───── Exercise materials ─────
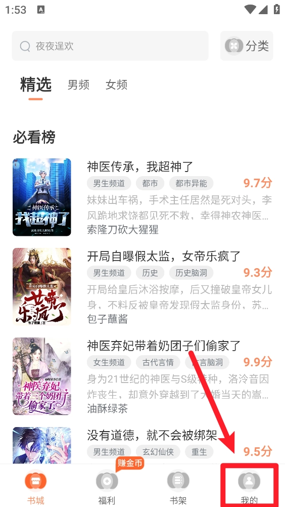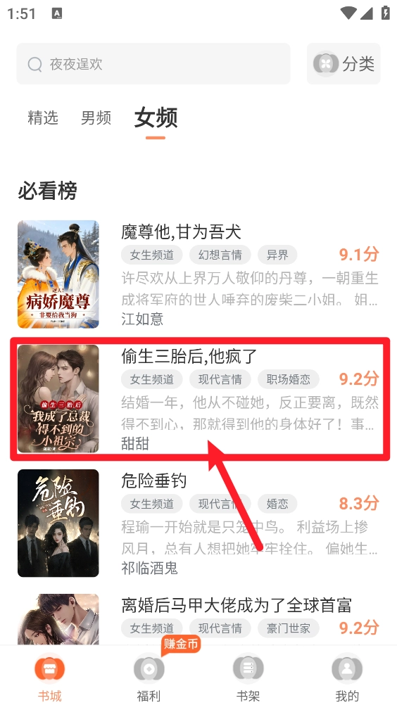 2、进入书城中选择喜欢的小说一键打开。
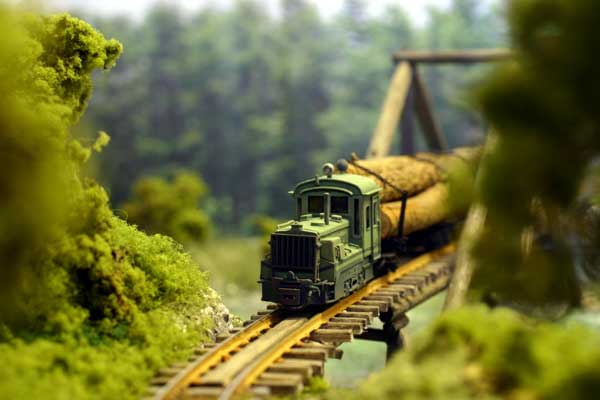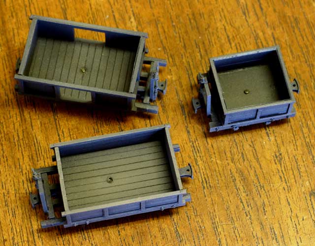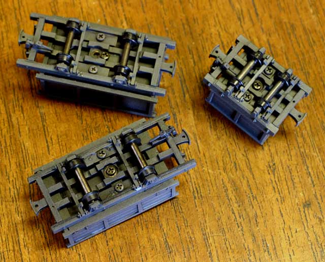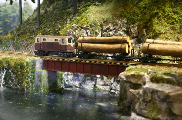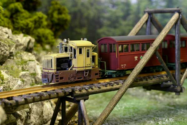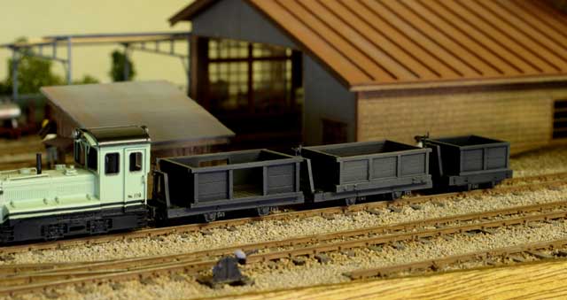 ![]() 2003/11/23 気がつけば一年以上も間が空いてしまいましたね。昨日山下さんが遊びに来られ、息抜きに軽い工作をしました、と言って見せてくれたのがこの2軸ゴンドラです。 大きい方の2両。側板に角穴が開いている方は乗工社のA型ゴンドラのを切り詰めて使用、開いていない方は当社のを切り詰めたそうです。台枠は乗工社の貴賓車のものに0.3mm真鍮板で裏打ちをして、当社の木製運材台車(Bタイプ)用軸受メタルをセットしたそうで、転がりは抜群でした。井桁の中枠は当社の木製運材台車用のを2個切り継いだそうです。確かに2軸のこのタイプは二つありますものね。 小さい方は自作の上まわりに、当社の木製運材台車(Bタイプ)を組み合わせたとのこと。こんな工作も楽しいものです。
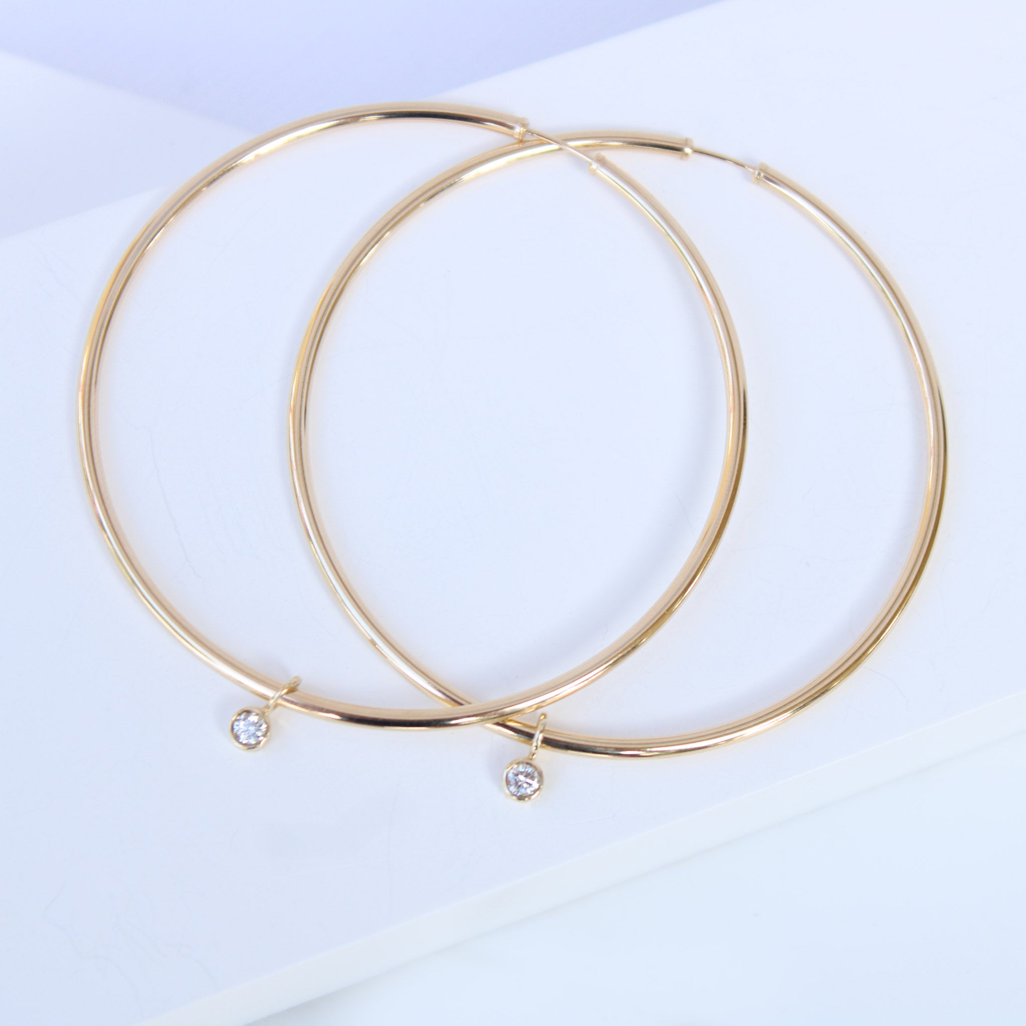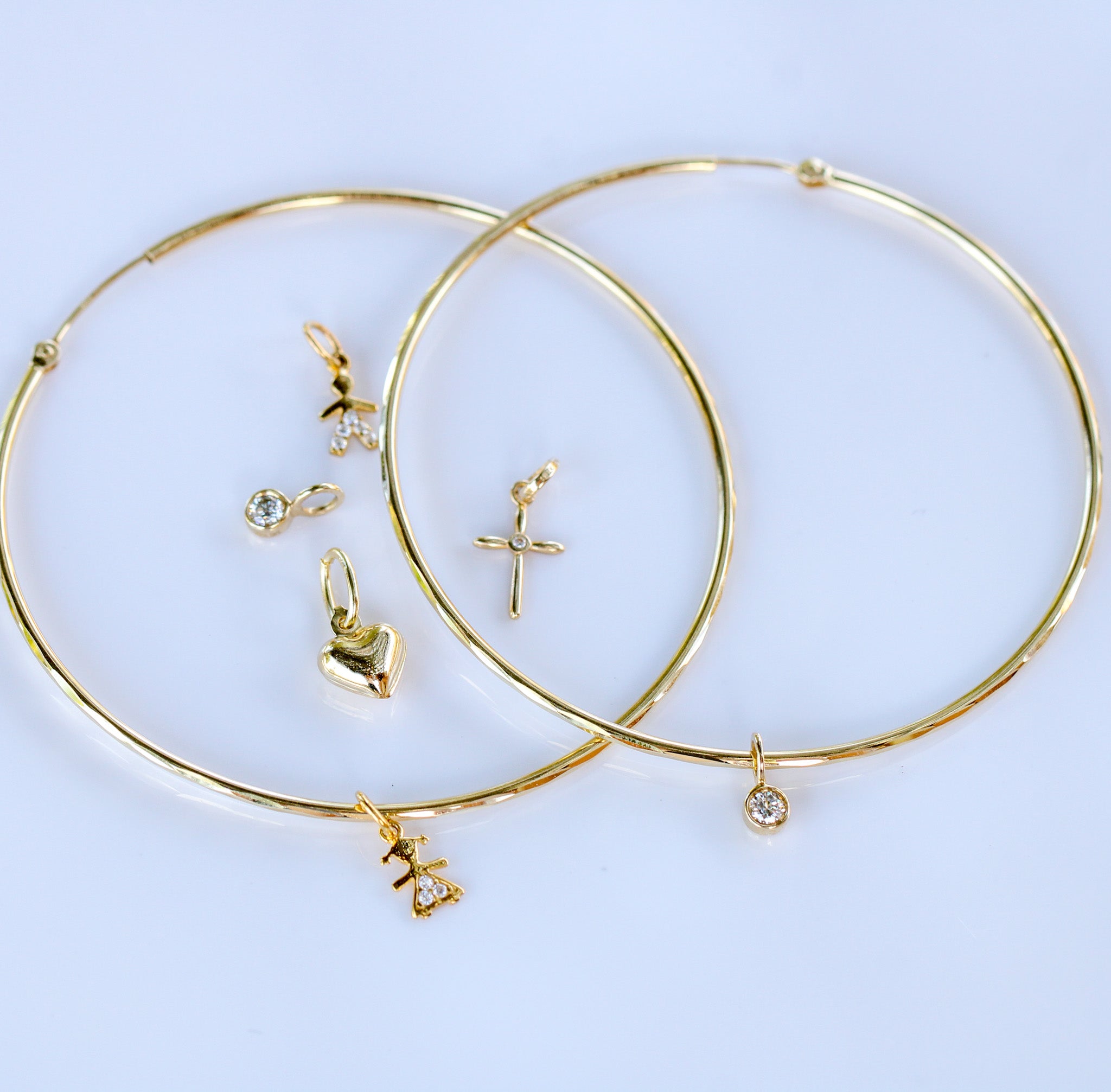 14K Solid Yellow Gold Bezel Diamond Earring Charms
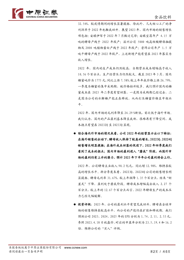 投资评级:2023年,公司的盈利水平有望见底回升,酵母在全球市场的销售维持在较高水平,而公司的产能仍在扩张和释放期。我们预测公司2023、2024、2025年的EPS分别为1.74、2.11、2.53元,参照2023.4.18日收盘价,对应的市盈率分别为23.5、19.4和16.2倍,维持公司的“买入”评级。
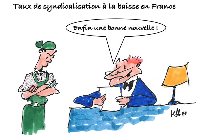 Le taux de syndicalisation n’évolue guère depuis la fin des années 80 autour de 10 %. Même s’il n’a jamais atteint des niveaux très élevés en France contrairement à d’autres pays européens, il se situait tout de même à un peu moins de 20 % à la fin des années 60 jusqu’en 1978 et autour de 30 % durant la période de l’après-guerre.
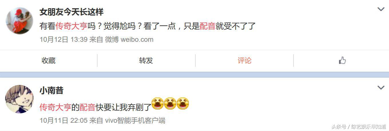 此外,电视剧的配音也是被吐槽的一个点,尤其宋轶,跟日本动漫配音的人来配真人似的尴尬至极,让网友纷纷弃剧表示难接受。
─────
Exercise prompt |
Print all entries exactly, without images.

Exercise result |
 2、进入书城中选择喜欢的小说一键打开。
 ![]() 2003/11/23 気がつけば一年以上も間が空いてしまいましたね。昨日山下さんが遊びに来られ、息抜きに軽い工作をしました、と言って見せてくれたのがこの2軸ゴンドラです。 大きい方の2両。側板に角穴が開いている方は乗工社のA型ゴンドラのを切り詰めて使用、開いていない方は当社のを切り詰めたそうです。台枠は乗工社の貴賓車のものに0.3mm真鍮板で裏打ちをして、当社の木製運材台車(Bタイプ)用軸受メタルをセットしたそうで、転がりは抜群でした。井桁の中枠は当社の木製運材台車用のを2個切り継いだそうです。確かに2軸のこのタイプは二つありますものね。 小さい方は自作の上まわりに、当社の木製運材台車(Bタイプ)を組み合わせたとのこと。こんな工作も楽しいものです。
 14K Solid Yellow Gold Bezel Diamond Earring Charms
 投资评级:2023年,公司的盈利水平有望见底回升,酵母在全球市场的销售维持在较高水平,而公司的产能仍在扩张和释放期。我们预测公司2023、2024、2025年的EPS分别为1.74、2.11、2.53元,参照2023.4.18日收盘价,对应的市盈率分别为23.5、19.4和16.2倍,维持公司的“买入”评级。
 Le taux de syndicalisation n’évolue guère depuis la fin des années 80 autour de 10 %. Même s’il n’a jamais atteint des niveaux très élevés en France contrairement à d’autres pays européens, il se situait tout de même à un peu moins de 20 % à la fin des années 60 jusqu’en 1978 et autour de 30 % durant la période de l’après-guerre.
 此外,电视剧的配音也是被吐槽的一个点,尤其宋轶,跟日本动漫配音的人来配真人似的尴尬至极,让网友纷纷弃剧表示难接受。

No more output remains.